Damien Hawke, our Director of Future Networks, explains why various options for decarbonisation need to be considered together, to maximise the benefits.
It was five months ago, in the final days of Theresa May’s government, that the UK announced its plans to build a net-zero carbon economy by 2050.
Whilst this has been a turbulent time politically, the efforts of business and the energy networks to address this challenge have continued, and I was encouraged to see the announcement from the Conservative party regarding £800m in infrastructure funding for Carbon Capture and Storage (CCS) solutions, a vital part of the UK’s future decarbonisation efforts.
With the urgency of climate change, we know that the energy system must radically change to enable this transition to a zero-carbon future. Various options for large-scale decarbonisation, such as electrification and hydrogen, will need to be considered together, in order to maximise the benefits of our existing infrastructure, and making best use of new solutions.
The strategically important gas and electricity networks span the UK and deliver heat and energy to the majority of people living here. If policy-makers took a whole-system approach, understanding there are elements of future energy policy that can't be delivered by electricity or gas alone, then innovative solutions delivering the level of carbon reduction we need could be found at a cost-effective price.

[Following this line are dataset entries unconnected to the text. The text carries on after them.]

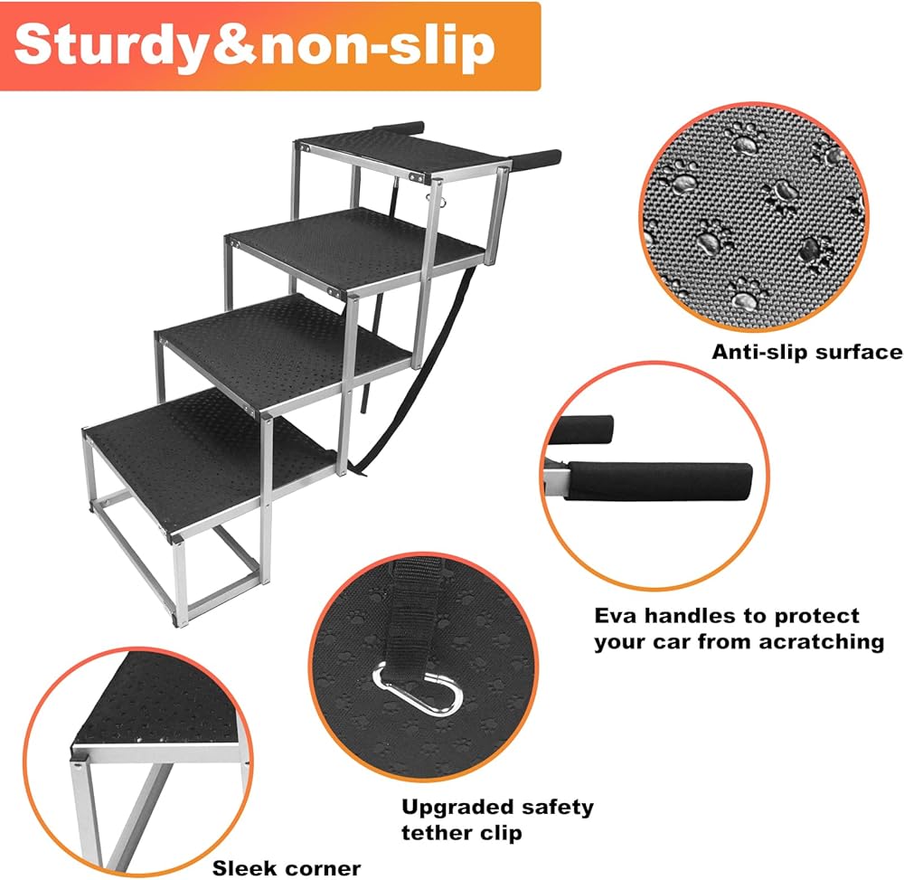 • سهل الاستخدام ومتعدد الوظائف: سلم الكلاب ذو الأربع خطوات مثالي للكلاب للدخول والخروج من السيارات أو سيارات الدفع الرباعي أو الشاحنات أو الأسرّة أو الأرائك أو طاولات الحلاقة أو الطب البيطري. ما عليك سوى وضع المقبض على الجزء الخلفي من السيارة أو حجرة الأمتعة، ثم قم بتوصيل حلقة التثبيت المصنوعة من الفولاذ المقاوم للصدأ ومزلاج الباب الخلفي.
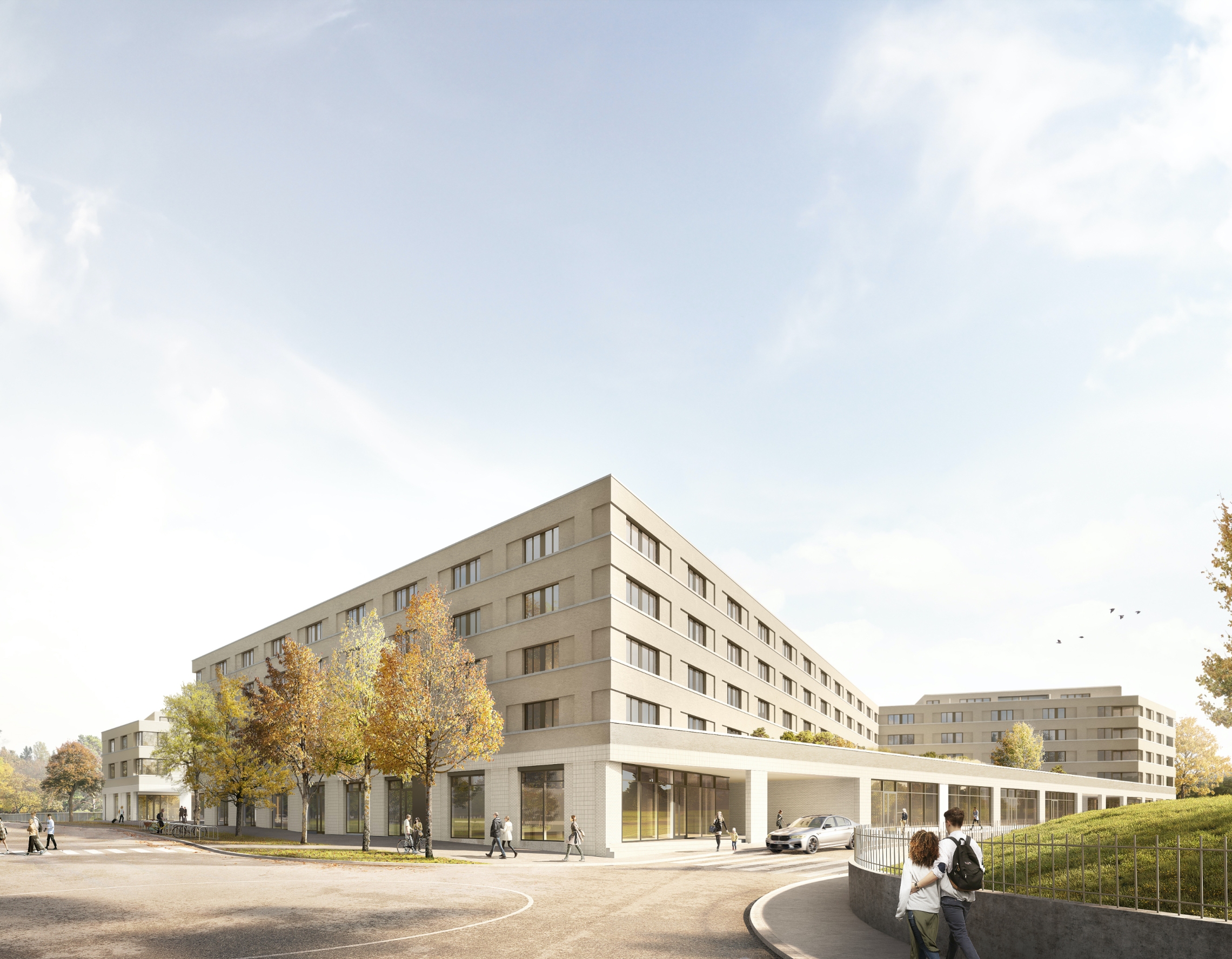 Programme 26 logements PPE, hôtel 140 chambres, résidence étudiants de 290 chambres, commerces, bâtiment d'activités, parking souterrain, jardin public
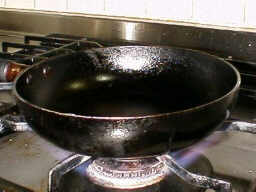 小さなフライパン(テフロンで無いやつ)を煙が出るまで強火で轟々と加熱します。 写真で利用しているのは、昔テフロン加工されていたが、それが、剥げ落ちたアルミのフライパンです。 |
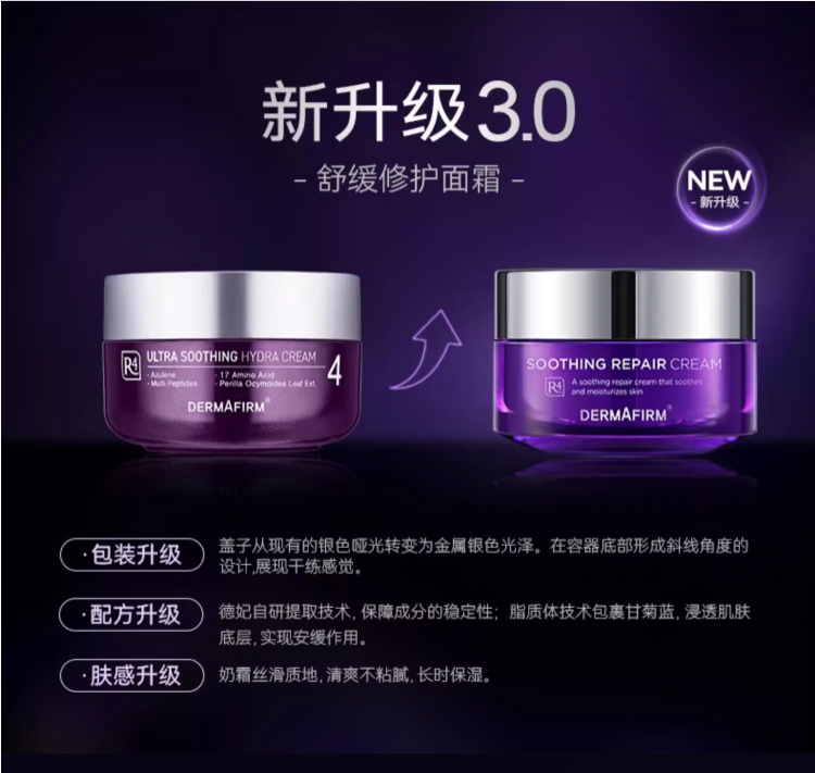 第三就是面霜肤感再度升级,肤感更加清爽不粘腻!,
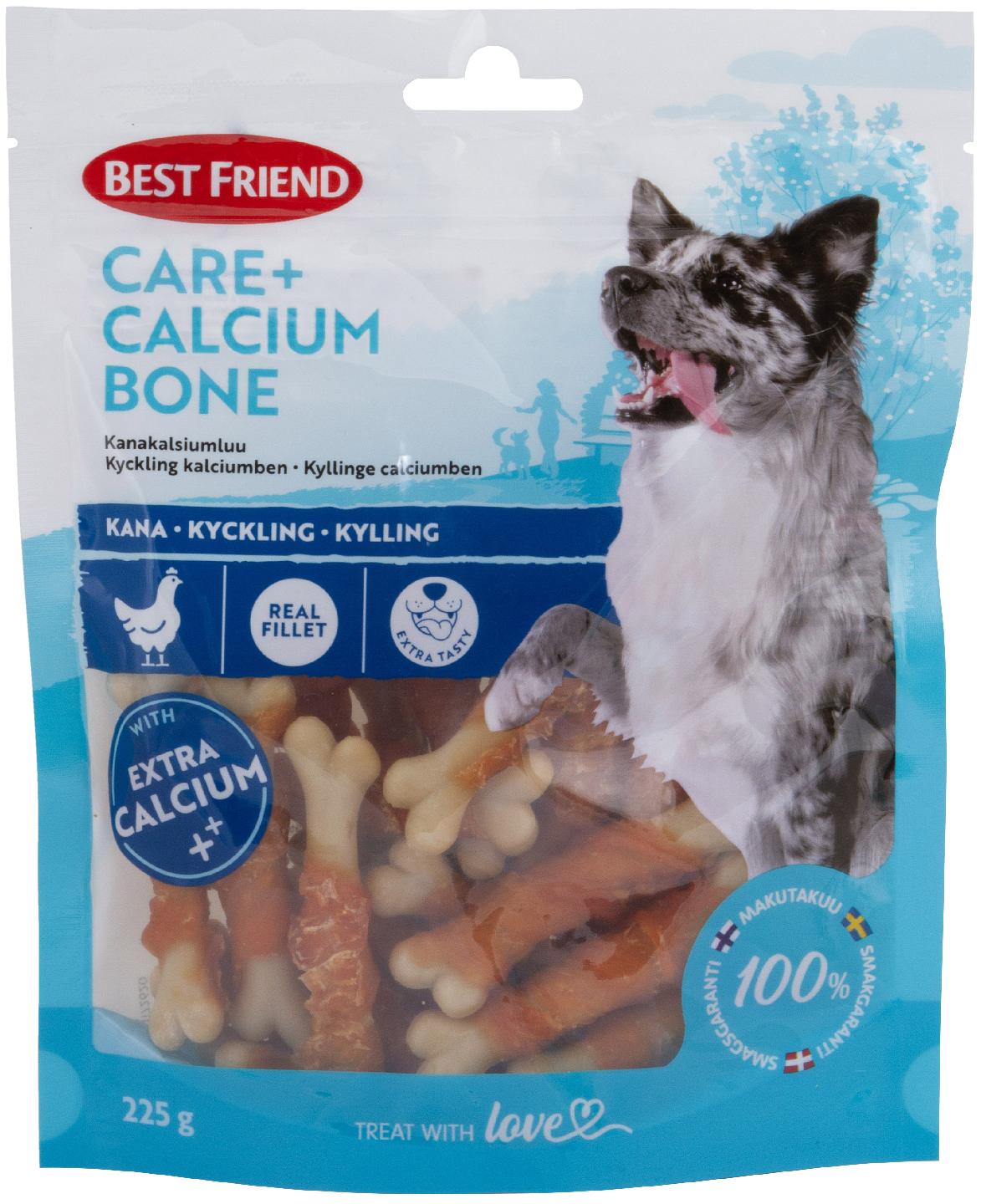 Best Friend Care+ Chicken Calcium Bone kanakalsiumluu koiran herkku on luun muotoinen kasvipohjainen kalsiummakupala aidolla kanafileekääreellä. Tämä rapea koiran makupala on täydellinen päivittäinen palkkio kaikenkokoisille koirille. Lisätty kalsium auttaa tukemaan koirien yleistä hyvinvointia. Tämän koiran herkun rakenne ja korkea kalsiumpitoisuus auttavat myös vähentämään hammaskiveä ja ehkäisemään pahanhajuista hengitystä. Care+ kanakalsiumluu ei sisällä viljaa, lisättyä sokeria eikä lisäaineita, joten se on erinomainen vaihtoehto myös herkille koirille. Kalsiumin lähde on kalsiumkarbonaatti. Hemmottele koiraasi tällä herkullisella ja hyvää tekevällä makupalalla. Aina on aikaa herkkuhetkelle! Treat with love. Kätevä uudelleensuljettava pakkaus.
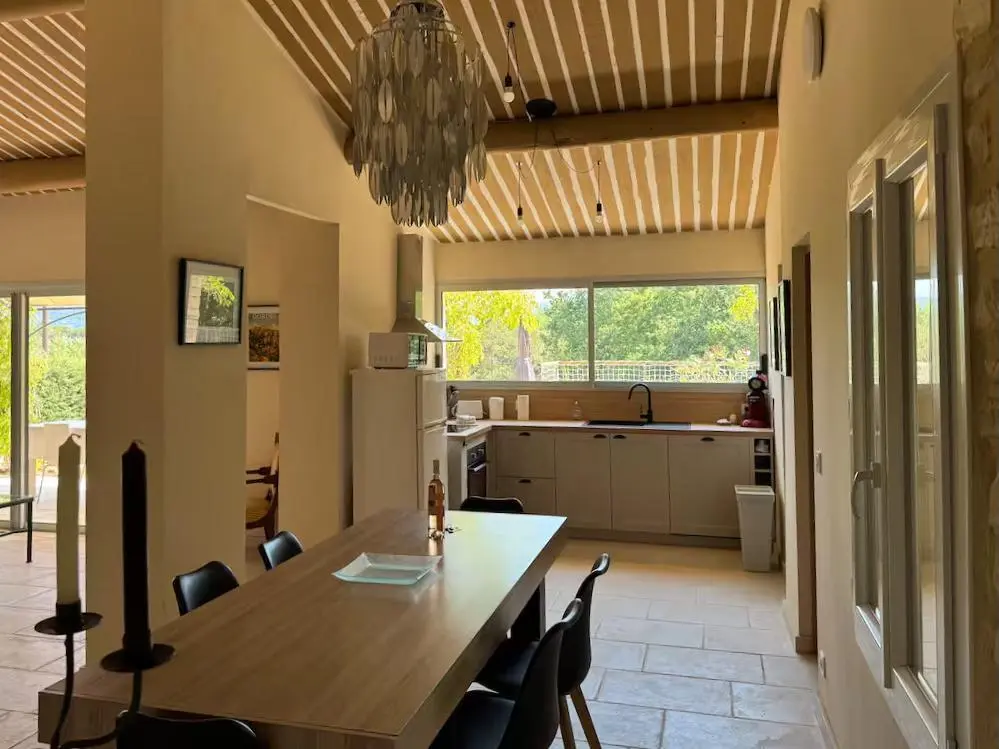 Perchée sur une colline offrant une vue imprenable sur le Luberon et entourée de nature, cette villa moderne et climatisée se trouve à quelques kilomètres seulement du charmant village de Roussillon. Évadez-vous du quotidien et plongez dans cette oasis de tranquillité !
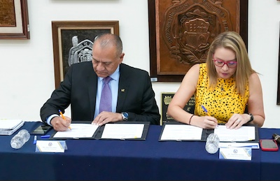 La rectora Yarabí Ávila signó un acuerdo de colaboración con el titular del Instituto Municipal de Planeación, Rubén Flores.
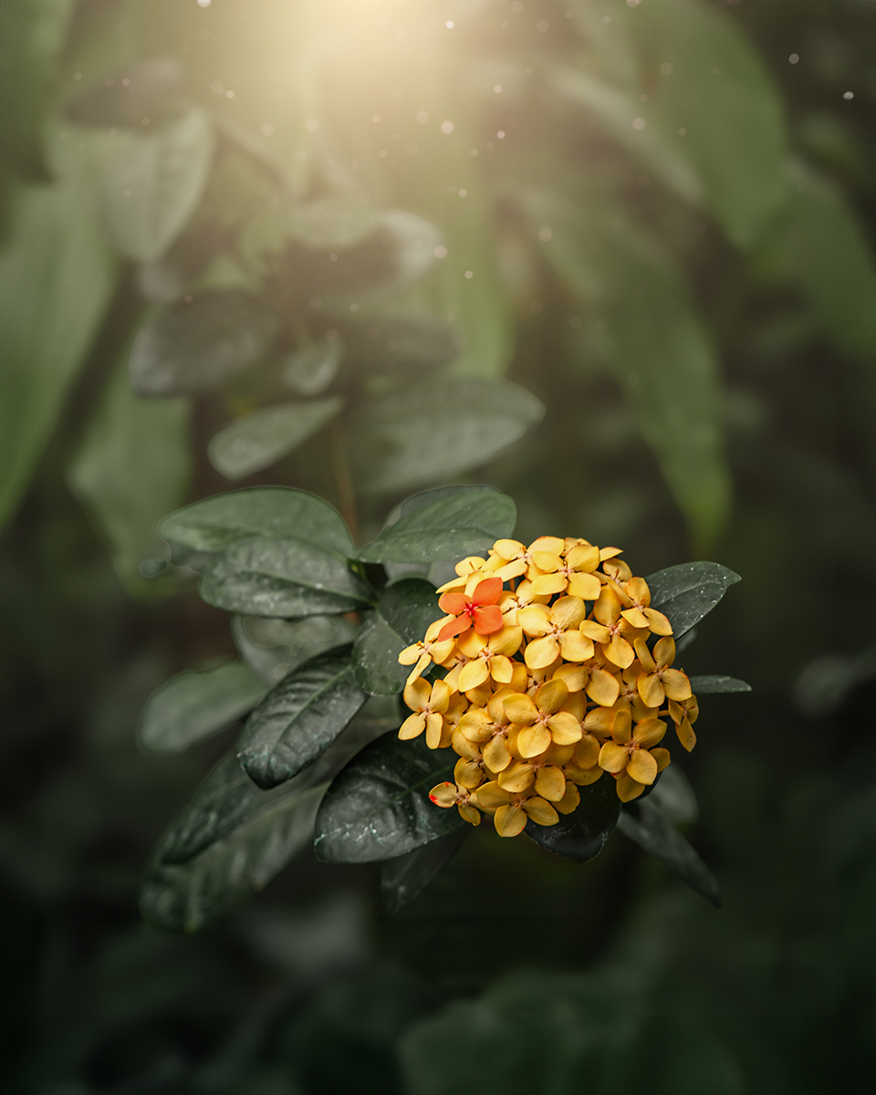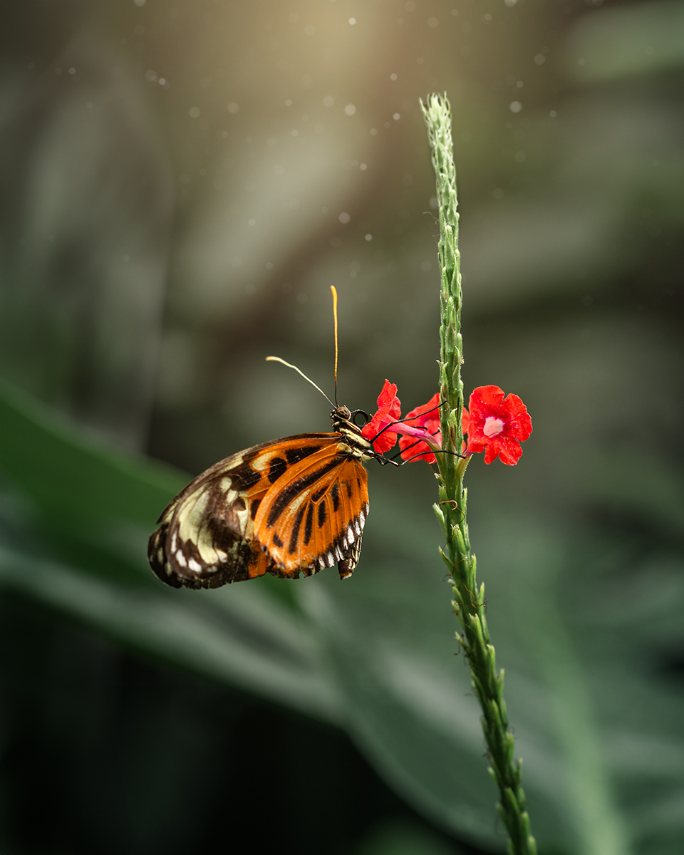Sometimes it’s a bold color, or a texture. Oftentimes, it’s a flaw. Take that yellow cluster of flowers with one orange bloom, which I stumbled upon inside a butterfly greenhouse. It was tucked off in the corner, but that one orange blossom among the yellow stood out to me. I cropped in a little closer and added some directional light in post-processing to highlight this unusual beauty.

There is already evidence of this whole-system approach taking place at a regional level. Liverpool city region have announced ambitious plans for world-leading carbon capture technology alongside smarter, greener travel with the introduction of a hydrogen bus fleet coming early next year. The mayor has also submitted a £230m green deal proposal to government which, if supported, could deliver a £5bn economic boost to the region along with green jobs, improved air quality and cheap-to-warm homes.
In everything we do, we put customers first and we attempt to demonstrate to government how we can support its objectives regarding the environment, energy policy, fuel poverty and economic growth. As we continue to develop a collaborative approach, our hope is that future governments’ share this approach in order to deliver the net zero future we are all working towards.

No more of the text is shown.